Bronchitis vs. Pneumonia
Where the infection sits in your lungs affects how much phlegm you produce and how it feels. Bronchitis infects the bronchial tubes, the larger airways that branch off from your windpipe toward your lungs. These airways swell and fill with mucus, narrowing the passage. The hallmark symptom is a persistent, productive cough that may bring up yellow-green mucus as the infection progresses.
Pneumonia goes deeper, infecting the alveoli, the tiny air sacs responsible for transferring oxygen into your bloodstream. Instead of mucus buildup in the airways, fluid fills these sacs, making it harder to breathe. Pneumonia can also produce phlegm, but the more prominent symptoms tend to be shortness of breath, fever, and chest pain. Because pneumonia affects oxygen exchange directly, it’s generally more serious than bronchitis and more likely to need medical treatment.
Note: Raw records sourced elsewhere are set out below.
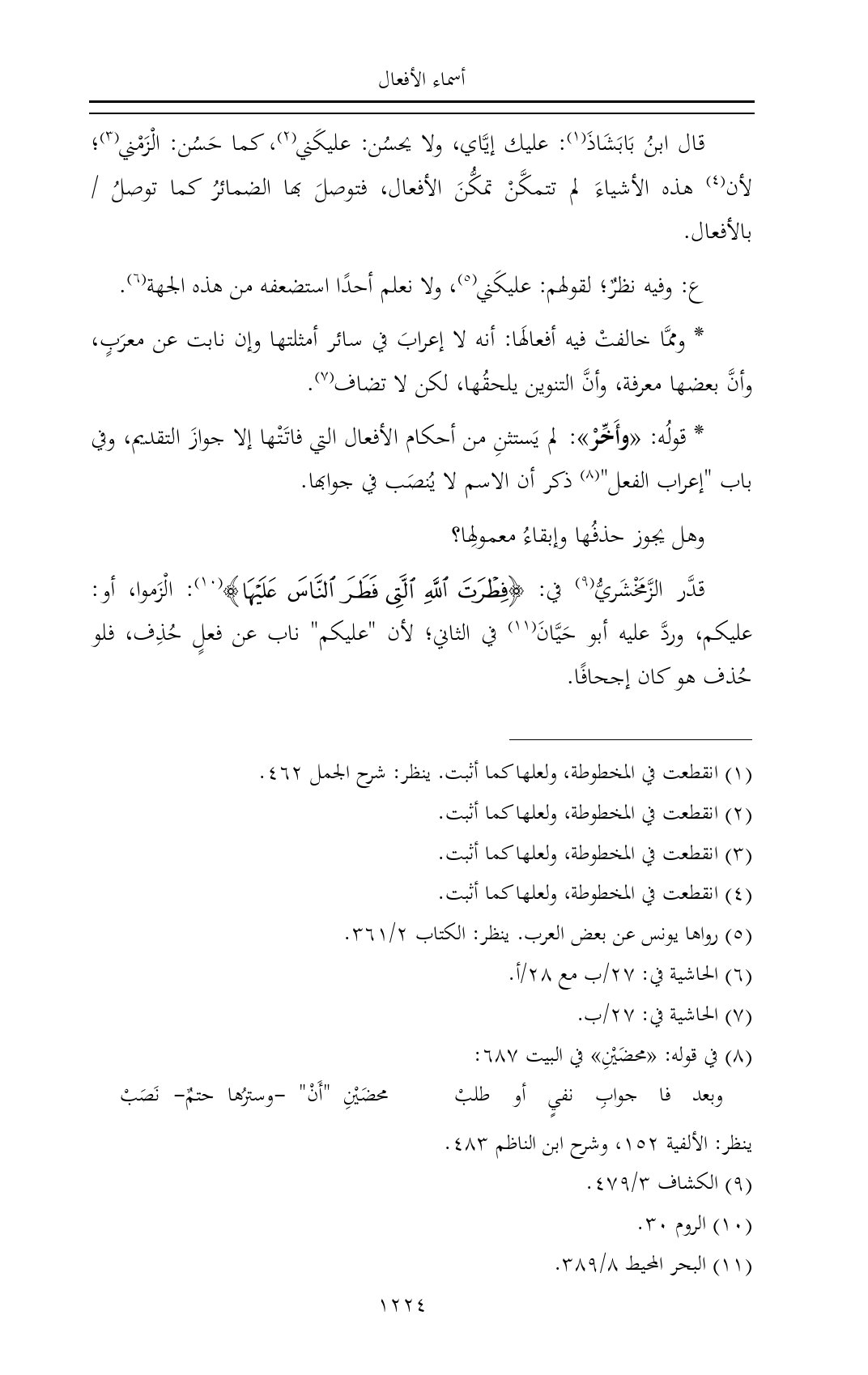ع: وفيه نظرٌ؛ لقولهم: عليكَني (¬٥)، ولا نعلم أحدًا استضعفه من هذه الجهة (¬٦).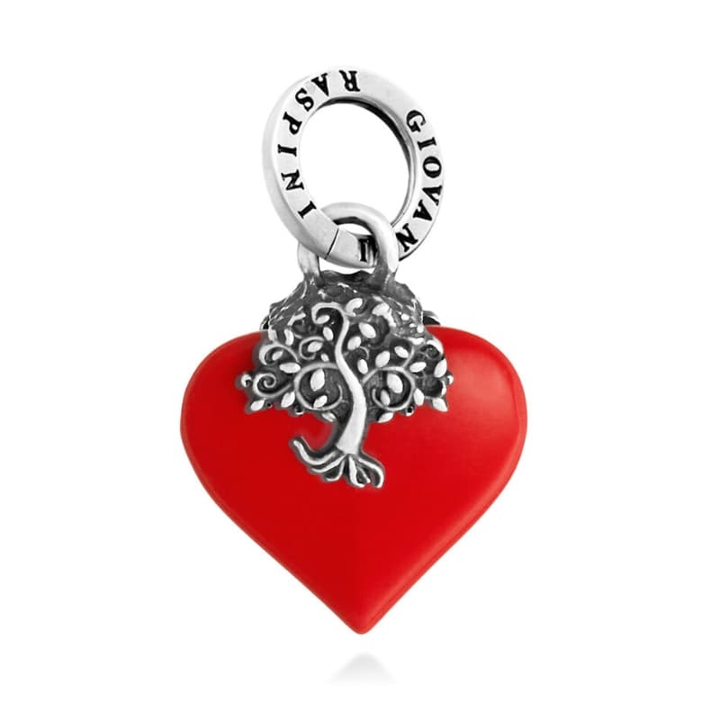 Diep koraalrood resin geeft deze hartbedel een warme, levendige uitstraling, bekroond met een zilveren levensboom aan beide kanten. Deze bedel is van Giovanni Raspini en is uitgevoerd in gebrand zilver, vervaardigd met de verloren-was giettechniek. De hanger is 1,8 cm lang zonder hangoog. Het hart staat symbool voor liefde, terwijl de levensboom vaak wordt gezien als teken van groei en verbondenheid.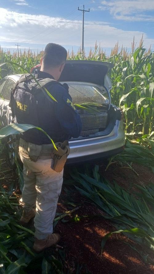 Durante a fuga, o veículo apresentou uma possível pane mecânica. O motorista, então, entrou com o carro em uma plantação de milho e o abandonou, fugindo a pé em meio à lavoura. A equipe realizou buscas na região, mas o condutor não foi localizado até o momento.
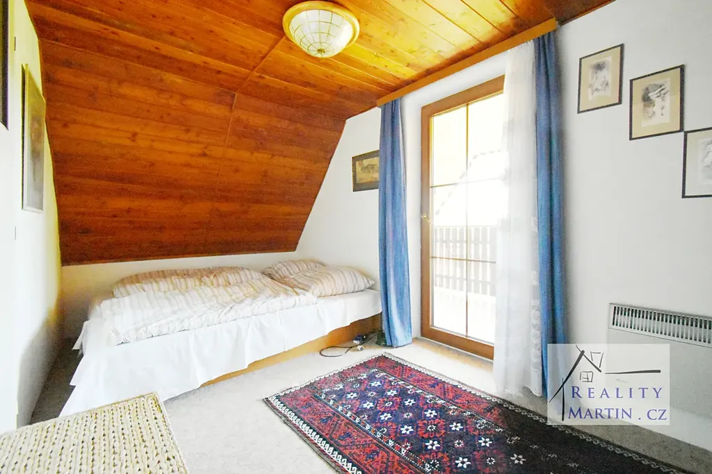 • V patře jsou k dispozici dvě ložnice s výstupem na prostornou lodžii a úložné prostory.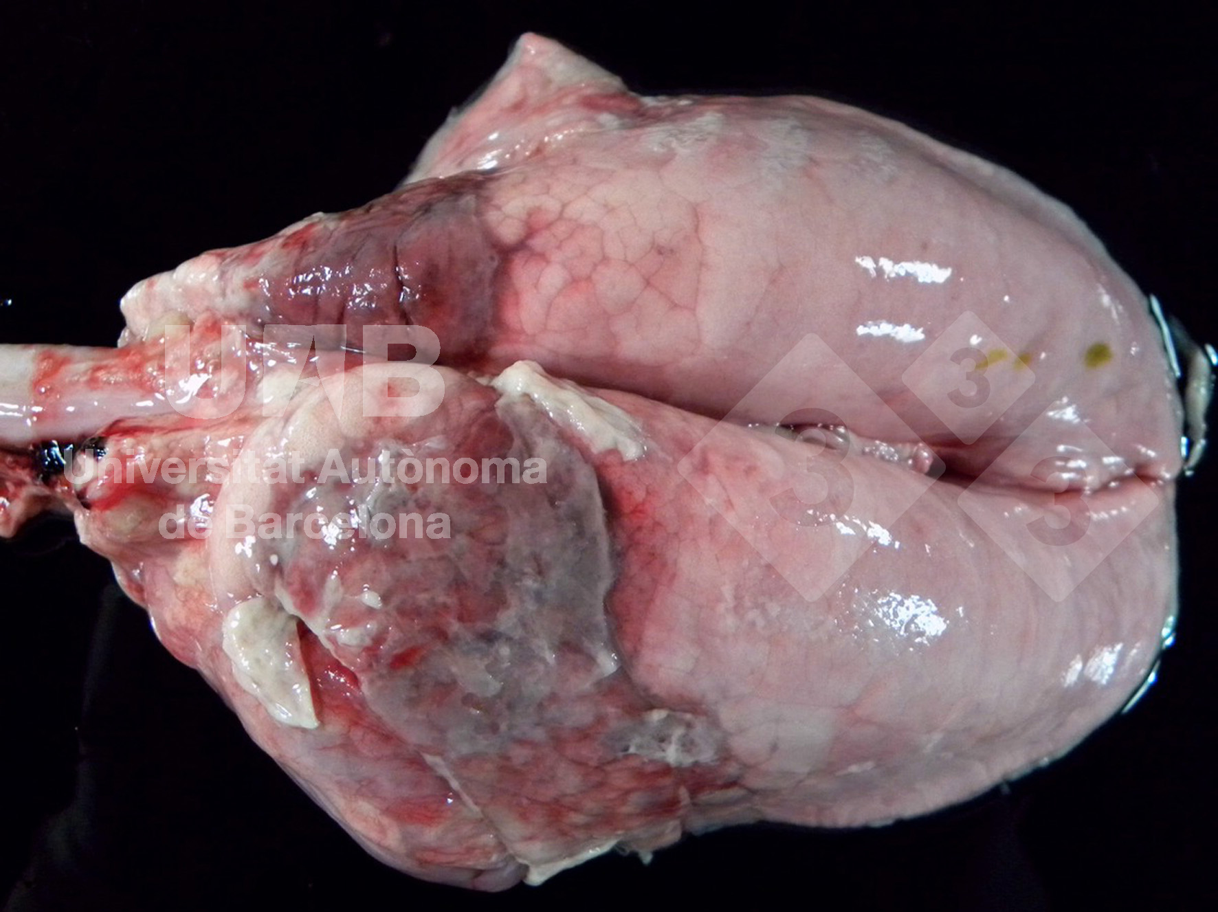 La bronchopneumonie fibrineuse cranioventrale (pleuropneumonie) chez les porcelets allaitants est généralement associée à des infections par Bordetella bronchiseptica. Haemophilus parasuis. Elle produit une pleurésie mais pas de bronchopneumonie à différents âges. En revanche, , Actinobacillus pleuropneumoniae (App) provoque des lésions fibrineuses hémorragiques nécrosantes sur les poumons de porcs en croissance et en engraissement mais pas chez les porcelets allaitants. De plus, les lésions associées à App ont en générale une localisation caudodorsale.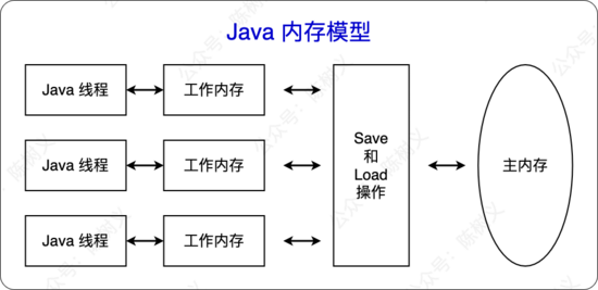 不同线程之间也无法直接访问对方工作内存中的变量,线程间变量值的传递都需要通过主内存来完成。主内存、工作内存、线程三者之间的关系如下图所示。

Why the Cough Outlasts the Illness
One of the most frustrating parts of getting sick is the cough that lingers for weeks after you feel better. A post-viral cough typically lasts three to eight weeks after the acute infection clears. Here’s why: the infection may be gone, but the airway lining is still healing. Damaged cilia need time to regrow, and the airways remain inflamed and hypersensitive for a while.
Interestingly, this lingering cough is usually dry. By this stage, your body has stopped overproducing mucus because the infection is resolved. The cough persists because the nerve endings in your airways are still irritated and react to triggers like cold air, strong smells, or even deep breaths. It resolves on its own as the tissue fully heals.
Managing Phlegm While You’re Sick
Since coughing up phlegm is your body’s way of clearing infection, suppressing a productive cough isn’t always helpful. There are two main categories of over-the-counter cough medicines, and they do opposite things.
- Expectorants (like guaifenesin, the active ingredient in Mucinex) add water to the mucus in your airways, making it thinner and easier to cough up. They don’t stop the cough. They make it more effective.
- Cough suppressants reduce the cough reflex itself. These are better suited for a dry, nonproductive cough that’s keeping you up at night, not for the wet, phlegmy cough that’s actively clearing your lungs.
Staying well-hydrated works on the same principle as an expectorant: more fluid in your system helps keep mucus thin. Warm liquids, steam from a hot shower, and humidified air can all help loosen phlegm and make coughing less painful. If you’re producing a lot of phlegm, coughing it out rather than swallowing it can reduce nausea and keep your stomach more comfortable.
When Phlegm Signals Something Serious
Most productive coughs during a cold or respiratory infection are entirely normal and resolve within a few weeks. But certain changes in your phlegm deserve attention. Blood-streaked phlegm can happen from the sheer force of repeated coughing and is often harmless in small amounts. Coughing up larger quantities of blood, roughly half a cup or more in 24 hours, is considered a medical emergency. Even smaller amounts can be dangerous if you already have underlying lung or heart disease.
Phlegm that persists beyond eight weeks, phlegm accompanied by high fever and difficulty breathing, or a sudden worsening after you’d started to improve can all point to complications like pneumonia or a secondary bacterial infection layered on top of an initial viral illness.